I am interested in extracting the log probabilities for the class labels, as the top K (where K is set to the number of classes) may be associated with tokens different that the ones associated with class labels.
What would be the best approach to do this?
I am thinking about the following solutions, but require some expertize as evidenced by the associated questions:
- Set task = classification. This should produce an array of scores for each class.
Will this approach invoke a different entry point than djl_python.lmi_vllm.vllm_async_service? Are class probabilities accounting for the multi-token structure of the label? (i.e. is there some sort of aggregation performed across the tokens of the class?)

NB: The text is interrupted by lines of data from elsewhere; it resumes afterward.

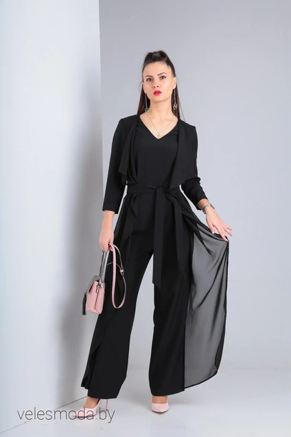 Комбинезон женский, прилегающего силуэта, с втачным рукавом, отрезной по линии талии, с отлетными деталями по переду из шифона. Лиф переда с нагрудными вытачками, мягкими складками, идущими от талии, с вырезом горловины V-образной формы. Лиф спинки со средним швом и талевыми вытачками. Рукава втачные, короткие. Брюки прямые, передние половинки с мягкими складками, идущими от талии, задние половинки с талевыми вытачками. Застежка в среднем шве спинки на потайную тесьму-молнию. Отлетной пояс, завязывающийся на талии на бант. Передние половинки брюк и половинка пояса выполнены из отделочного материала.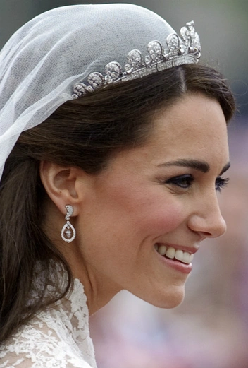Как правило, невесты, принадлежащие к аристократическим династиям идут к алтарю в фамильных тиарах своих семей. Именно так поступила леди Диана, выходившая за принца Уэльского в тиаре Спенсеров. У Кейт, происходившей из обычной семьи, такой возможности не было, и многие полагали, что она могла бы появиться в церкви в том же украшении, что и ее покойная свекровь. На самом деле выбранная Кэтрин модель Cartier из сокровищницы Елизаветы во многом похожа на тиару Спенсеров. Тем не менее, украшение из коллекции Ее Величества немного лаконичнее.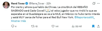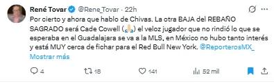 - El delantero Cade Cowell se perfila para salir de Chivas rumbo a la MLS al no tener ofertas en México, según René Tovar.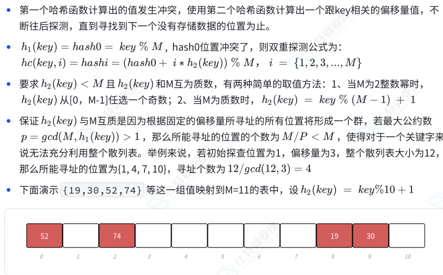这⾥我们哈希表负载因子控制在0.7,当负载因子到0.7以后我们就需要扩容了,我们还是按照2倍扩容,但是同时我们要保持哈希表大小是⼀个质数,第⼀个是质数,2倍后就不是质数了。那么如何解决了,⼀种方案就是上⾯1.4.1除法散列中我们讲的Java HashMap的使⽤2的整数幂,但是计算时不能直接取模的改进⽅法。另外⼀种⽅案是sgi版本的哈希表使⽤的⽅法,给了⼀个近似2倍的质数表,每次去质数表获取扩容后的大小。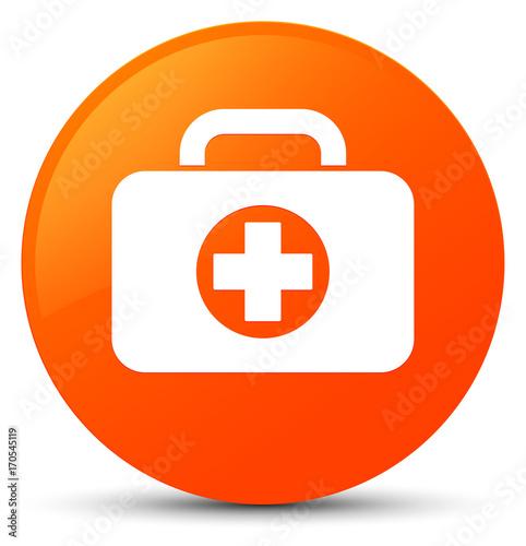 Fototapeta premium First aid kit bag icon orange round button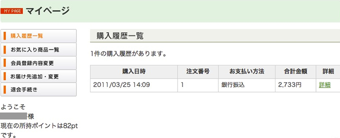 購入した商品名と金額はもちろんのこと、購入日時、お支払い方法、お届け先も参照できます。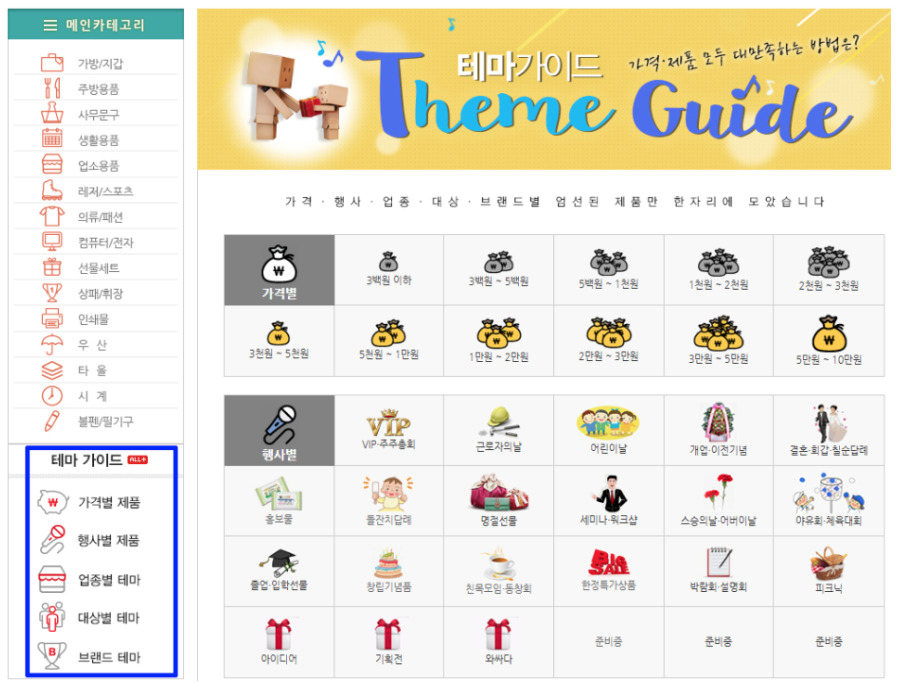 나이스굿 테마별 카테고리에는 가격대별, 행사별, 업종별, 대상별, 브랜드별 테마 카테고리와 제품별 카테고리가 잘 정리되어 있어 쉽고 빠르게 원하시는 제품을 선택하실 수 있으며,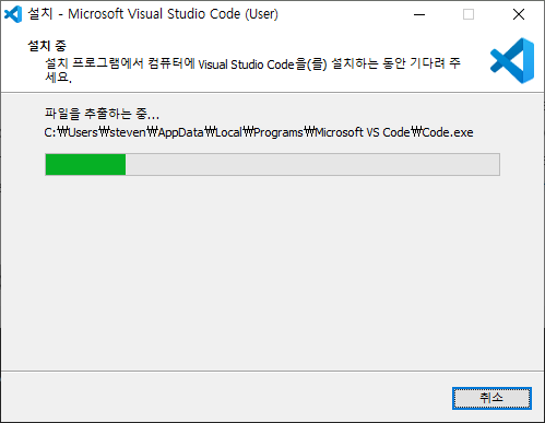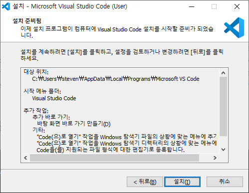 생성하지 않겠다면, "시작 메뉴 폴더를 만들지 않음(D)"을 체크 후 다음을 눌러주세요!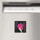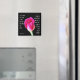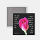 A bright floral magnet (stunning pink rose bloom on black background) with verse from Jeremiah 29:11.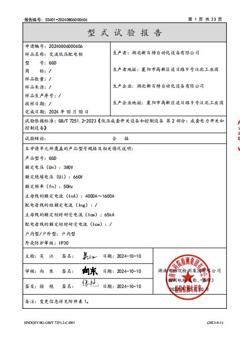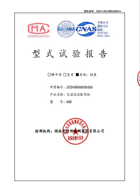 低壓開關(guān)柜GGD型式試驗報告

- Create a mapping that links multi-token class labels to single-token labels. Retrain the model with these single-token classes and request top K probabilities from the inference server while setting vLLM
allowed_token_ids
to the set of single token class labels. Then write acustom_output_formatter
function that maps single label tokens to their original multi-token equivalent.
In this case, the probability for the predicted single-token label would not require aggregation across other tokens (as in the multi-token label case). As allowed_token_ids forces the model output to use only the specified list of tokens, when requesting top K (with K being the number of classes), we should get the desired output. Is there a better approach or something missing?
Thank you for looking into this!